- [Action item]:
The output must contain exactly the lines from the top of the listing below through the line containing "贵州王子酒整箱500ml*6瓶53度酱香型酒水白酒礼盒装送礼纯粮食酒", and no pictures.

- [Input data]:
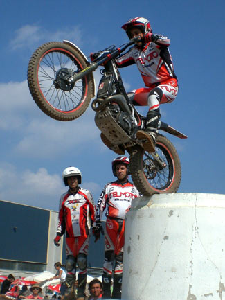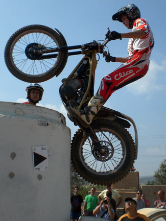 Público que mientras esperaba la llegada de los pilotos, pudieron deleitarse con las impresionantes maniobras que Sergio García, joven campeón de España de biketrial, realizó mientras entrenaba en el área de biketrial de la Vall de Uixó.
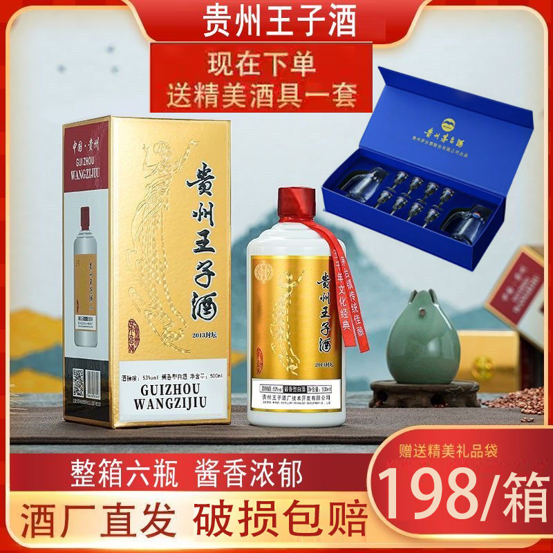 贵州王子酒整箱500ml*6瓶53度酱香型酒水白酒礼盒装送礼纯粮食酒
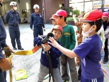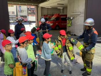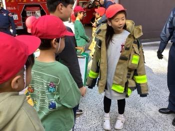 3年生では社会の学習として「火事からまちを守る」という単元で、実際に消防署に見学に行きました。社会科見学はスーパーに行って以来で、ワクワクする気持ちもありつつ、学習という事も忘れずに取り組む姿がありました。特に、消防の装具をつける体験では初めてのことに目を輝かせていました。
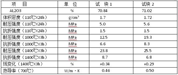 5.1:同一品種的原料體積密度較大的輕骨料,其澆注料有較高的耐壓強度和抗折強度。不同廠家的生產工藝不同。輕骨料本身的強度也有較大的差別,選擇何種原料應該通過檢驗試塊來決定。輕質莫來石澆注料的主要技術指標見表2.
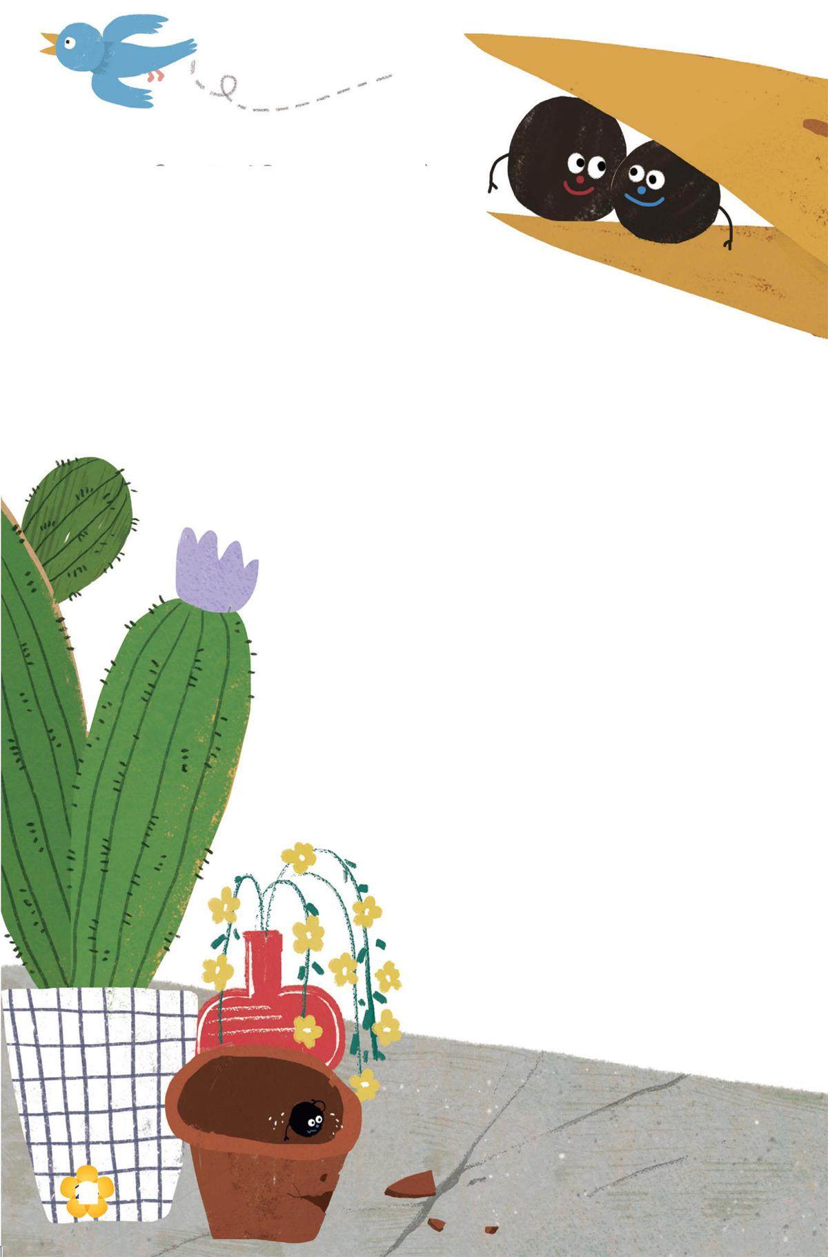 小鸟飞累了,降落到路边一个废弃的花盆里。它张开嘴,“啾啾、啾啾”叫了两声,两粒种子就蹦了出来。
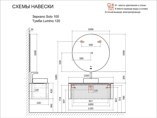 - Дополнительное оснащение зеркала: регулируемая подсветка / подвесы.
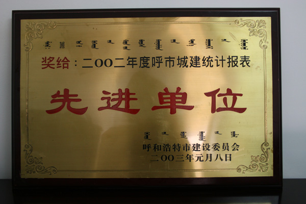 二00二年度呼市城建統(tǒng)計報表先進單位
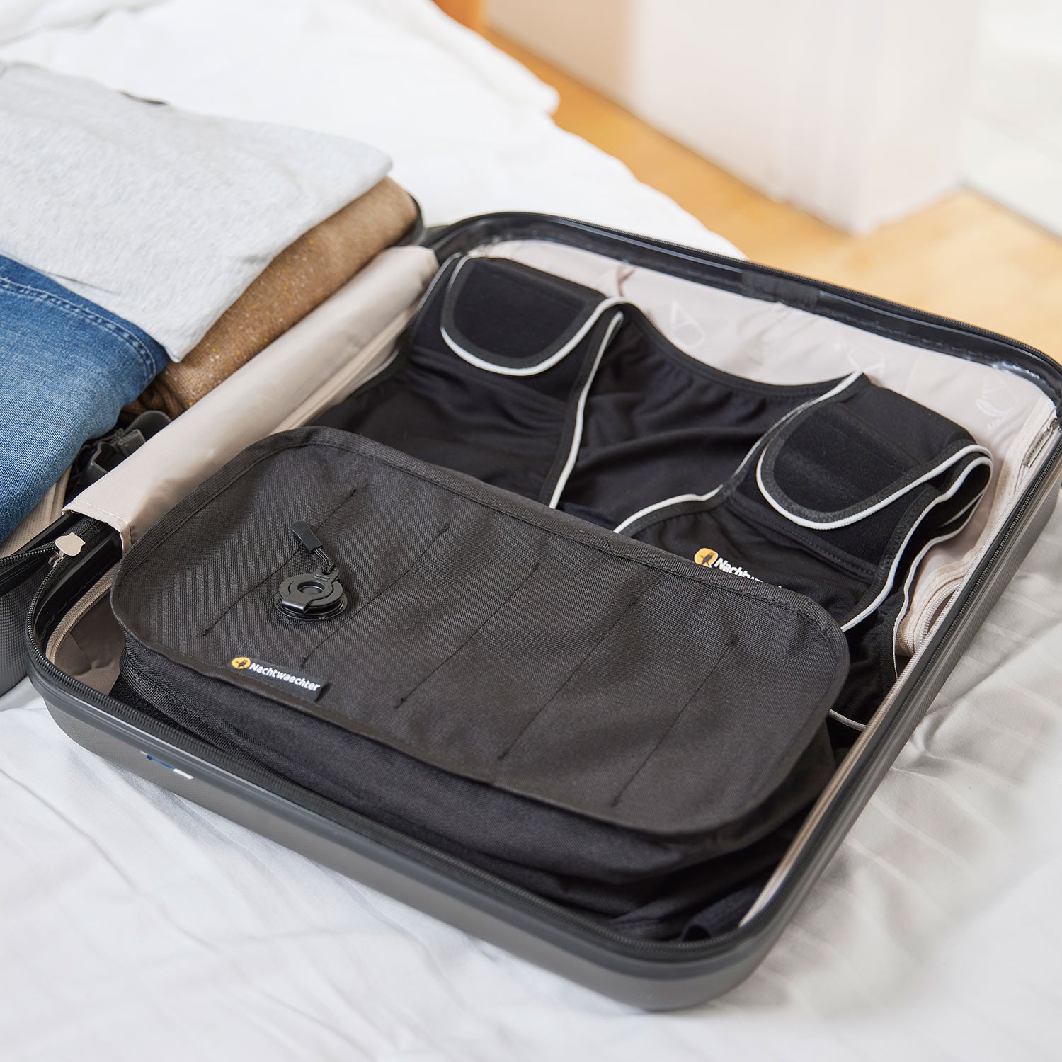 Die Nachtwaechter Reisetasche ist ideal für den Transport Ihrer Nachtwaechter Schlafweste bei der Reise oder unterwegs. Sie ist auch ideal für Schmutzwäsche, Schuhe und vieles mehr.

- [Expected answer]:
 Público que mientras esperaba la llegada de los pilotos, pudieron deleitarse con las impresionantes maniobras que Sergio García, joven campeón de España de biketrial, realizó mientras entrenaba en el área de biketrial de la Vall de Uixó.
 贵州王子酒整箱500ml*6瓶53度酱香型酒水白酒礼盒装送礼纯粮食酒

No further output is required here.